1. Introduction
Studies have shown that lipophilic substances can often induce hemolysis because they are capable of destabilizing the lipid bilayers present in cell membranes, causing lysis of erythrocytes and increasing plasma hemoglobin levels. This effect can result in several complications: hemolytic anemia, multiple organ failure and even death [1] . However, many natural compounds have properties that cause the reduction in the membrane fluidity of erythrocytes, reducing hemolytic processes that lead to lower blood viscosity. This property has a potential for pharmaceutical use.
Hemolysis is a process of destruction of red blood cells (erythrocytes) in which the rupture of the plasma membrane occurs, resulting in the release of hemoglobin and causing serious damage to vital organs such as liver, kidneys and heart. Hemolysis is caused not only by chemical compounds such as penicillin, methyldopa, some types of antibiotics and anti-inflammatory agents, but also by natural compounds such as animal venoms. Several plant extracts with hemolytic activity have been described, some of which are cytotoxic or genotoxic, making it necessary to perform pharmacological and toxicological analyses of essential oils and plant extracts [2] .

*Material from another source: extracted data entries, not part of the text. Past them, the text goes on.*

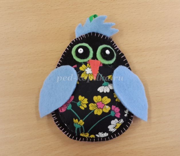 Шьём с детьми новогоднего гномика Шьём с детьми новогоднего гномика Для бороды используйте искусственный мех с длинным ворсом. Шьём с детьми снеговичка Шьём с детьми снеговичка Можно шить из флиса или меха с коротким ворсом. Игольница "Совушка-сова": часть 4 Игольница "Совушка-сова": часть 4 Автор: Кицан Анжела Ильинична. 15. В отверстие вставляем хохолок и по желанию делаем петлю из зеленой атласной ленты 0,7 мм. Петля необходима в том случае, если игольницу вы захотите использовать подвешенном положении. Аккуратно, потайным швом скрепляем все детали. 16. Из красной ткани вырезаем клюв и приклеиваем под глазами совы. Использовать можно клей «Титан» или любой другой прозрачный клей. 17. Аккуратно приклеиваем крылья. 18. Игольница «Совушка-сова»... Игольница "Совушка-сова": часть 3 Игольница "Совушка-сова": часть 3 Автор: Кицан Анжела Ильинична. 10. Пришиваем животик к детали туловища. Пришиваем швом «вперед игла». 11. Пришиваем глаза сове, как на фото. 12. Сшиваем между собой две детали туловища обметочным швом. Нитку лучше выбрать яркого цвета. В верхней части головы оставляем небольшое отверстие. 13. Заполняем туловище совы небольшим количеством ваты. Для проталкивания ваты очень удобно использовать стек. 14. Каждую сторону отверстия прошиваем обметочным швом отде... Игольница "Совушка-сова": часть 2 Игольница "Совушка-сова": часть 2 Автор: Кицан Анжела Ильинична. 5. Приступаем к работе с тканью. На изнаночной стороне черной шерсти белым карандашом или мелком обведите лекало туловища совы. Нам понадобится две части. Вырезаем. 6. Из голубой ткани вырезаем два крыла и хохолок. 7. Для глаз, из зеленой шерстяной ткани вырежьте два круга диаметром 2 см. 8. Для большей выразительности глаз, вырезаем 2 круга черного цвета меньшего размера. Круги зеленого и черного цвета скрепляем между собой ч... Игольница "Совушка-сова": часть 1 Игольница "Совушка-сова": часть 1 Автор: Кицан Анжела Ильинична. Материалы: тонкая шерсть черного, голубого, красного и зеленого цвета, цветной сатин, две бусины белого размера, клей «Титан», вата, атласная лента 0,7 мм, игла с ниткой черного и розового цвета, стек, ножницы. Ход работы: 1. Прежде чем приступить к работе с тканью, необходимо сделать выкройки: туловища, крыльев, хохолка,животика и глаз совы. Для выкройки туловища отложите на бумаге квадрат 8х11 см. Округлите углы фигуры... Паренек Тимоша: часть 2 Паренек Тимоша: часть 2 Автор: Воронкина Людмила Артемьевна Кончики рук и ног обмотать нитками. 6. Раскрой рубахи. Ткань сложить вчетверо, лицевой стороной внутрь. Обратите внимание на то, где расположены сгибы ткани 7. Раскроили. Технология пошива ручная либо машинная (выбирать самим) 8. Горловину, низ рукава и низ рубахи отделать тесьмой 9. Раскроить штаны или порты. Вывернуть, отутюжить 10. Оденем паренька. 11. Сделаем волосы из ниток или шпагата, нарисуем глаза, губы. Сошьем сапожки ... Паренек Тимоша: часть 1 Паренек Тимоша: часть 1 Автор: Воронкина Людмила Артемьевна Необходимые материалы: Три квадрата ситцевой или трикотажной ткани (у меня два квадрата размером 8 х8см для головы и рук), один – 10 х 10 см (ноги)) белого или розового цвета, и два квадрата в мелкий рисунок для одежды ( рубаха, порты). Нитки или шпагат для волос, тесьма для отделки рубашки, катушка ниток , синтепон (совсем чуть-чуть). Этапы работы: 1. В центр квадрата (8х8см) положить кусочек синтепо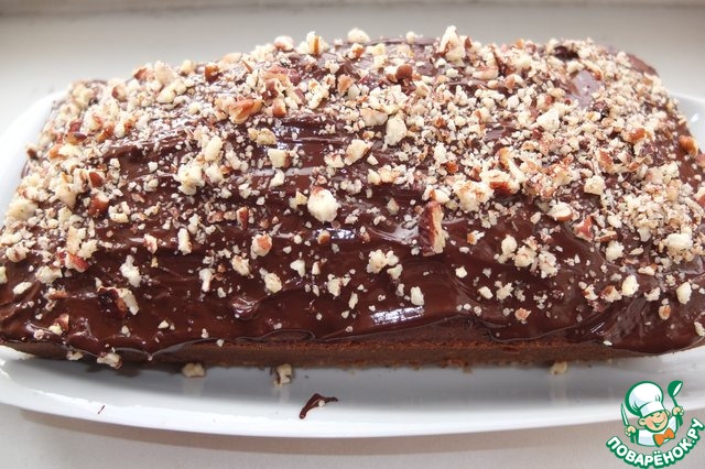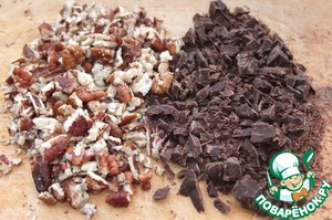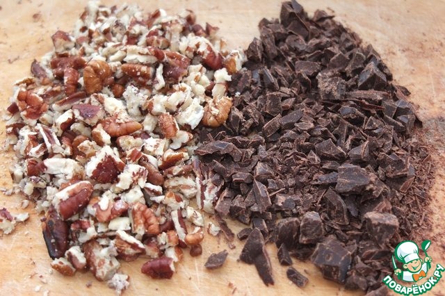 Добавляем какао, муку, шоколад, орехи. Немного орехов оставляем для посыпки.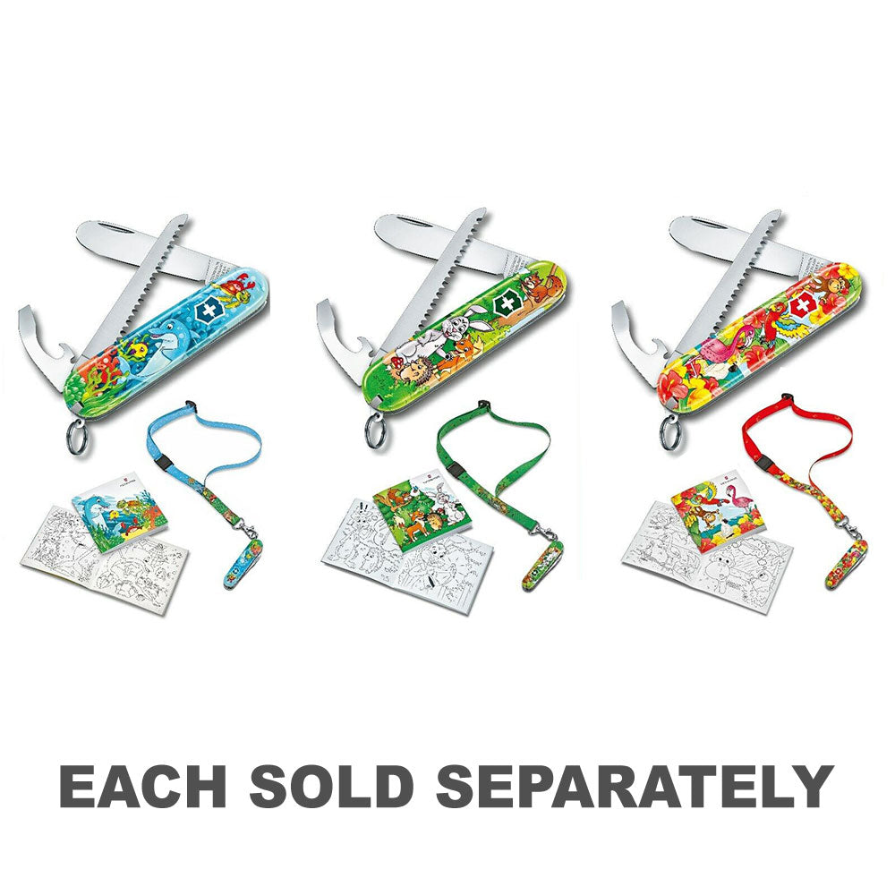 Children are naturally curious. Our fun pocket knife set will help them explore and engage with the world around them. In three exciting animal designs, each set comes with a practical neck strap and an adventure-filled coloring book that also shows children how to safely use their knives (with adult supervision). From carving little figures to whittling sticks, help them create memories for a lifetime.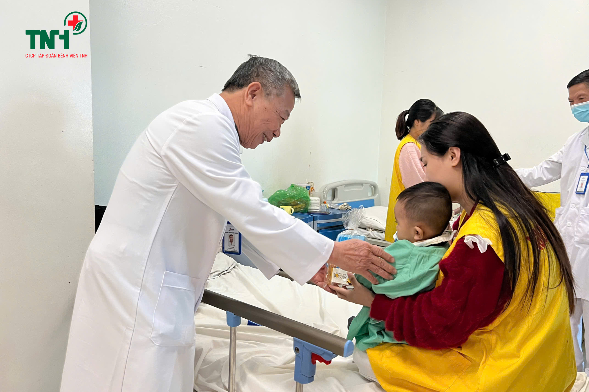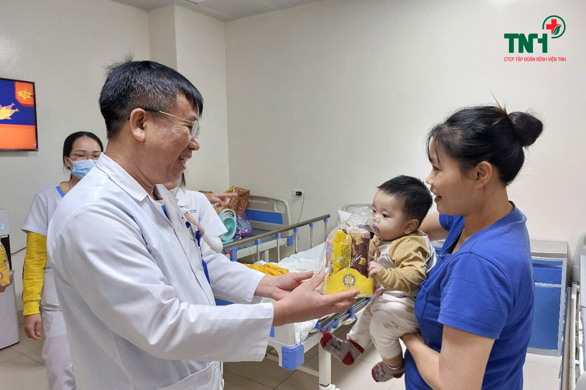 BSCKI – ThS. Trương Đồng Tâm – Giám đốc Bệnh viện Quốc tế Thái Nguyên tặng quà cho bệnh nhi nội trú Thầy thuốc Ưu tú Vũ Đình Lục – Trưởng phòng Điều dưỡng – Bệnh viện Quốc tế Thái Nguyên tặng quà các bệnh nhi nội trú Bác sĩ CKI Ngô Thái Sơn – Trưởng khoa Nhi Bệnh viện Quốc tế Thái Nguyên tặng quà bệnh nhi nội trú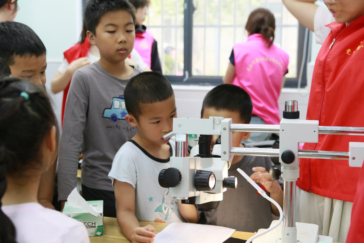 实践环节,在硕博学生的指导下,孩子们小心翼翼地拿起显微镜,开始观察微观世界。“太神奇了!”一位小朋友兴奋地叫起来,脸上露出了惊喜的笑容。其他孩子也纷纷围过来,想要看看这奇妙的景象。在这个过程中,孩子们专注的神情和对科学的热爱溢于言表,他们的眼神中充满了对未知世界的好奇和探索的欲望。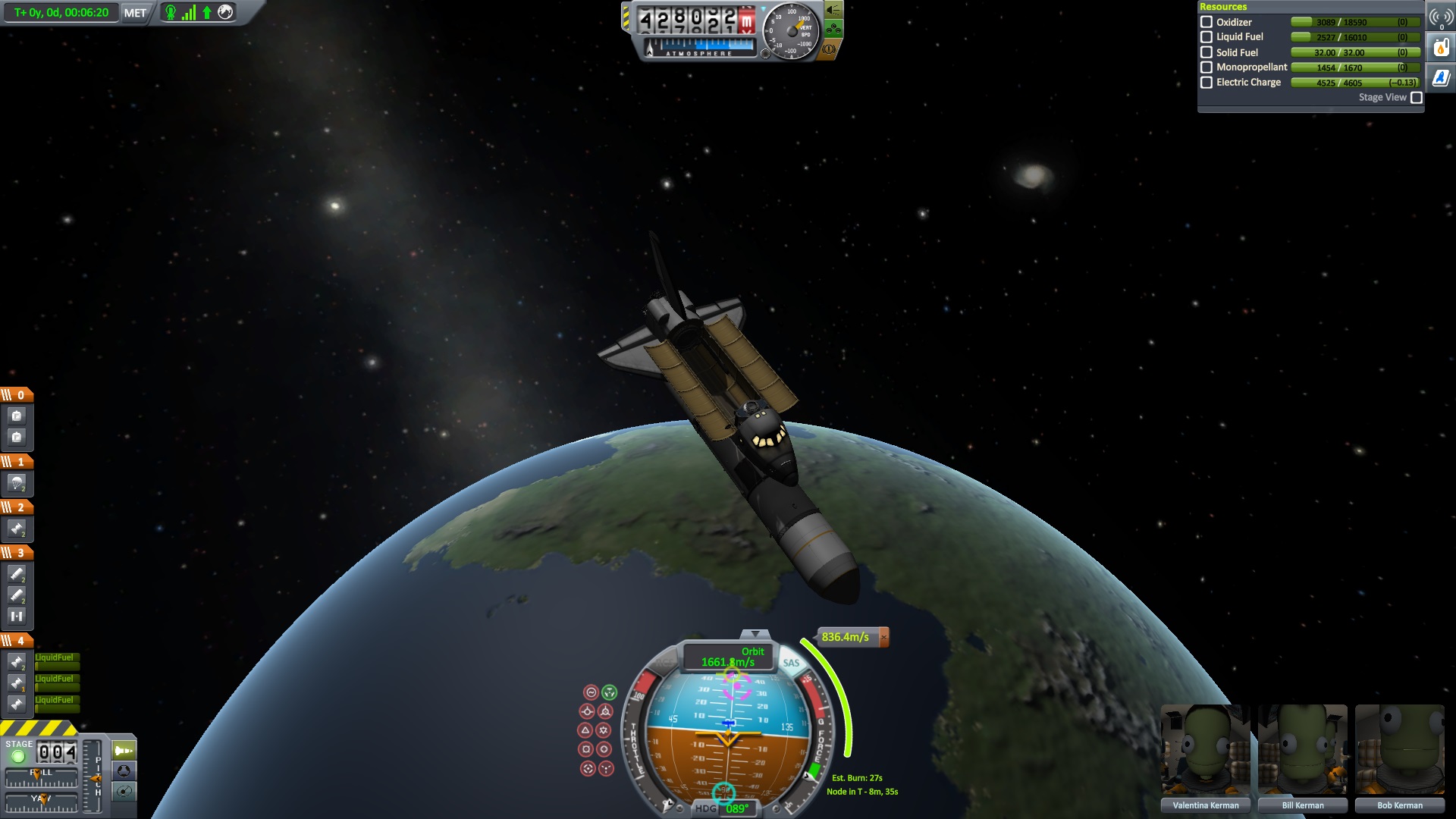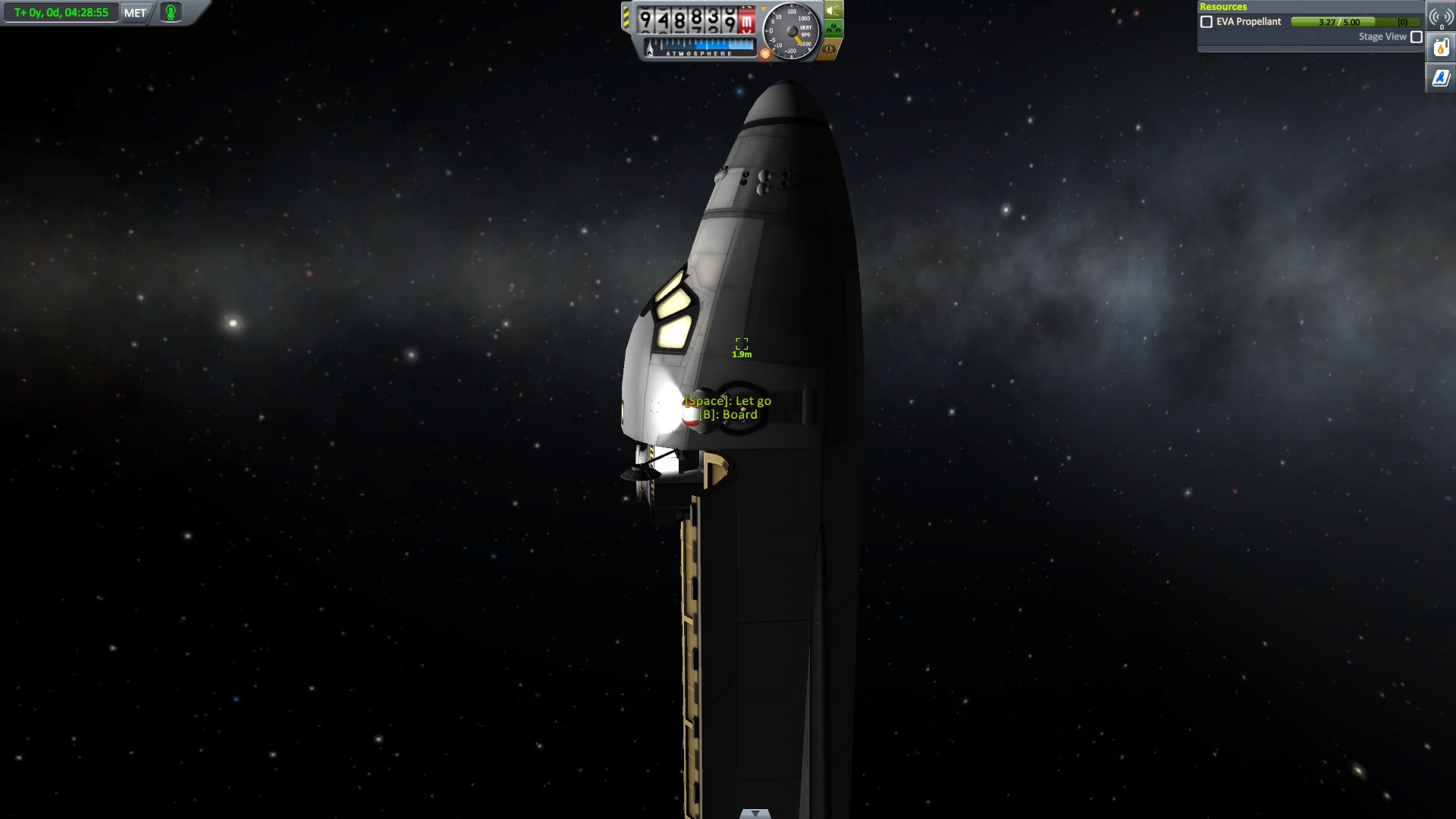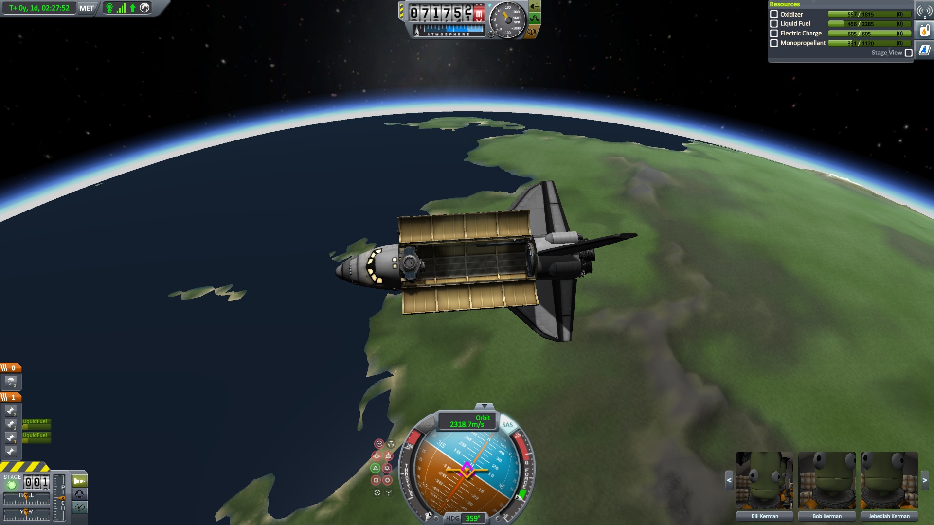 Da gerade ein Testflug mit dem Space Shuttle geplant war und dieses Flugklar auf der Rampe stand wurde beschlossen Jeb mit diesem aus dem Orbit abzuholen.

The phospholipids constituting the membranes can be degraded by numerous substances, including natural compounds, and they can interact with different compounds, resulting in destabilization of the membranes and alteration in the flow of liquids and ions through the membranes. These substances might also act by inhibiting the action of phospholipases from various sources, both animal and human, thereby exerting anti-inflammatory activity and interfering in pro- cesses such as blood coagulation and platelet aggregation. The phospholipids constituting the membranes can be degraded by numerous substances, including natural compounds, and they can interact with different compounds, resulting in destabilization of the membranes and alteration in the flow of liquids and ions through the membranes. These substances might also act by inhibiting the action of phospholipases from various sources, both animal and human, exerting anti-inflammatory activities and interfering in processes such as blood coagulation and platelet aggregation. These processes are closely related to the action of eicosanoids generated from arachidonic acid, one of the products of the breakdown of phospholipids [3] .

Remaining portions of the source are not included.